Survivor's Guilt






For years I felt guilty when my queer friends discussed being assaulted for simply being themselves. Sure, I was queer just like them, but to the outside world, I was straight as an arrow. No one judged me for being queer because no one knew. I could “pass”, and I felt ashamed for hiding behind my seemingly heterosexual relationships.

That feeling is one of the things that led to me coming out. Coming out was terrifying. I knew a large portion of my family wouldn’t approve. I worried about having problems at work when people found out. There are still a lot of states where you can be fired for your sexual orientation. But how could I not be honest with the world, when my friends were being persecuted and I was hiding in fear?

Now, after I’ve come out, I do think some people look at me differently. It could be all in my head (Anxiety is constantly telling me the worst), but I don’t want to stop and find out. My family doesn’t discuss it – and if they don’t read my blog or pay attention to my Facebook page, they may still not know. I didn’t tell them in person. Hi, I’m queer. And chicken.

I haven’t broadcast my queer identity at work, but I have told a handful of people, and I had a picture of me and my ex-girlfriend on my desk for a while. There are a few people at work who seem to look at me differently now.
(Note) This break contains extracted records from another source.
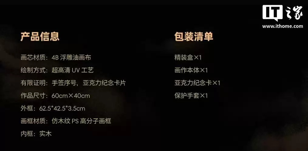 此外,每幅作品均配有独立的手写编号。画框采用仿木纹理的PS高分子外框与实木内框相结合的设计,质感出众。随产品还附赠一张亚克力材质纪念卡片。
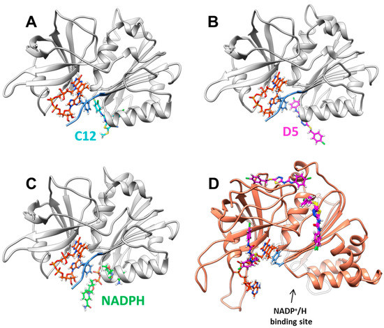 Binding pockets of selected ligands in the overall protein structure. (A) Model for the best docking pose of XccFPR:C12 after MD refinement. (B) Model for the best docking pose of XccFPR:D5 after MD refinement. (C) Theoretical binding of the NADPH substrate (based in PDB 4b4d for the protein and PDB 2vnj for the NADP+ conformation as found in RcFPR). (D) Four best docking clusters of AnFNR:D5. XccFPR and AnFNR are shown as grey and light salmon cartoons respectively. FAD, C12, D5 and NADPH are shown in CPK colored sticks with carbons in orange, light blue, pink and green respectively. The C-terminal extension of XccFPR and the C-terminal residue in AnFNR are colored in blue.
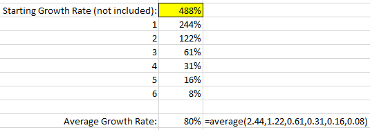 - Bei der aktuellen Bewertung wird davon ausgegangen, dass die Wachstumsrate von Tesla über sieben Jahre 54 % beträgt. Unter der Annahme, dass die Wachstumsrate fünf Jahre lang um 50 % pro Jahr sinkt, würden wir ausgehend vom aktuellen Kurs von 488 eine durchschnittliche Wachstumsrate von 80 % erhalten.
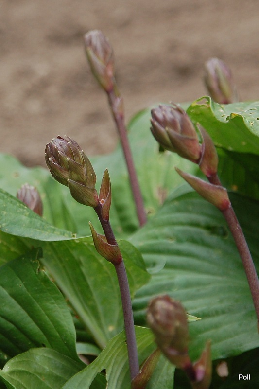Phantom, to hosta co najmniej 5-letnia. pamiętam, że kupiłam ją w Belgii, od pewnego szkółkarza i hodowcy kaczek w jednej osobie 2smiech. Sadzoneczka przyszła marniutka, ale po 2 latach nabrała nieco ciałka. Dziś ma około 15 kłów. Na zdjęciu Halszki widać, jakie są fioletowe, gdy wychodzą z ziemi. Później ten kolor zostaje w nasadzie łodyg i pięknie współgra z kolorem liści.
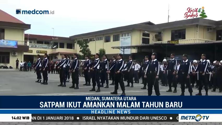 Seluruh personel satpam menggelar apel pasukan di halaman Mapolrestabes Medan, Sumatera Utara. Sekitar 1.600 personel satpam akan dikerahkan untuk mengamankan objek vital di malam akhir tahun. Cek Berita dan Artikel yang lain di Google News
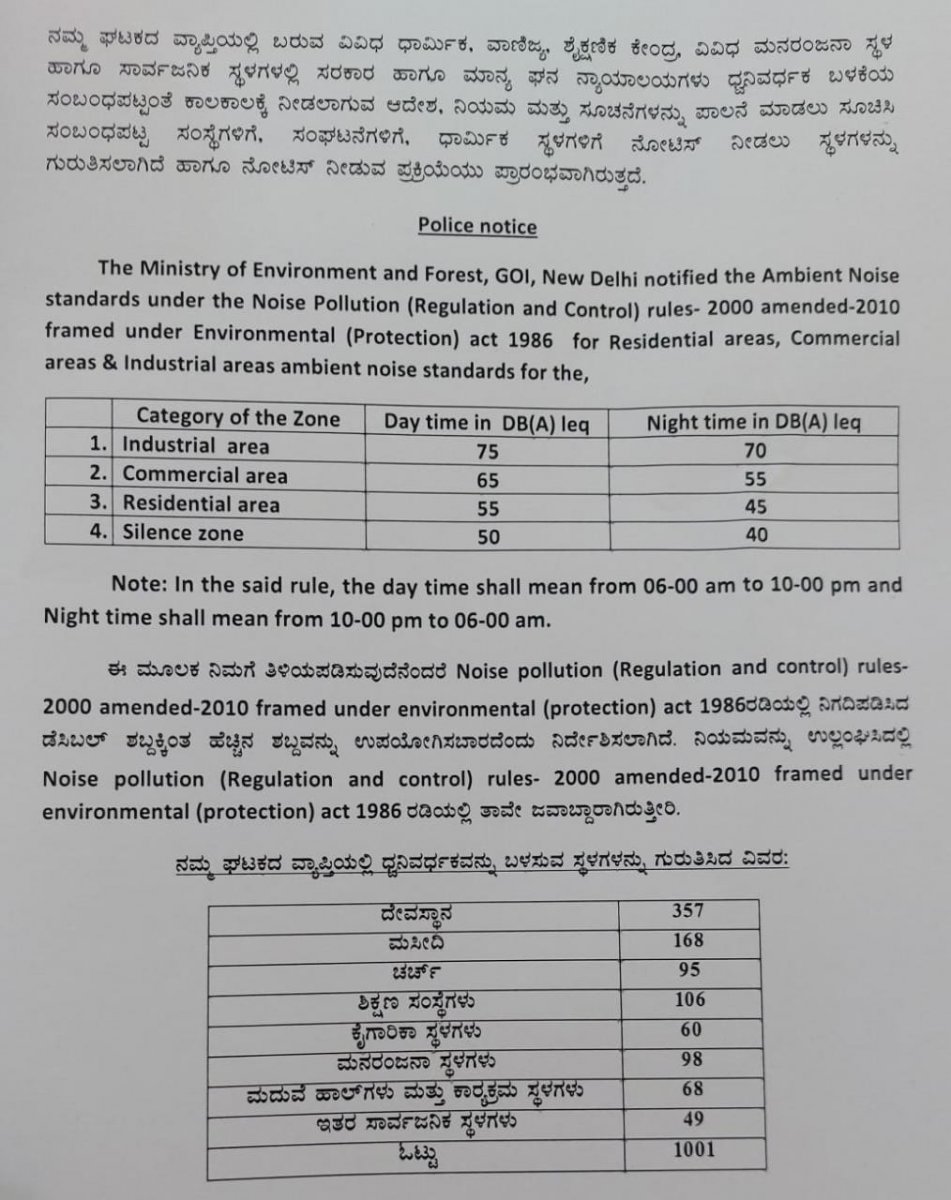 Speaking to reporters here, he said, “it has been noted that a total of 1001 places including 357 temples, 168 mosques, 95 churches, 106 educational institutions, 60 industrial areas and 98 entertainment areas are making use of loudspeakers. Since yesterday, we have set about giving notice, asking them to abide by the rules and regulations regarding the decibel limit for the use of loudspeakers.”

They don’t stop by to chat as much as they did before, and they seem to choose their words more carefully.

And of course I’ve had the initiation experience of having old white men looking at me like I’m a freak when holding hands with a woman in public. That one doesn’t bother me, though. Let them be disgusted. I’ll be disgusted by them right back.

And yet, with Trump in power and all the hate getting worse by the day, I still feel like it’s not enough. I promised myself I would attend rallies, marches, and protests. I conquered my anxiety and spoke with people at the college where I work about helping with the diversity efforts on campus.

Finally, after multiple pep talks to myself, I went to the office of the psychology professor who runs the LGBTQ group on campus. She had already been given my name by the diversity folks, but I wanted to introduce myself and let her know I’d be attending the meeting and am eager to help in any way I can. She was incredibly nice and happy to hear that I’ll be there.

I was happy and relieved to have gotten that over with... then I realized I had to let my bosses know that I’ll need to leave a few minutes early to attend an LGBTQ meeting.

I think this might be a journey that never ends, but it’s getting a little easier with each step.

***Addendum - I went to the meeting, and it was wonderful. Everyone there was so welcoming and friendly.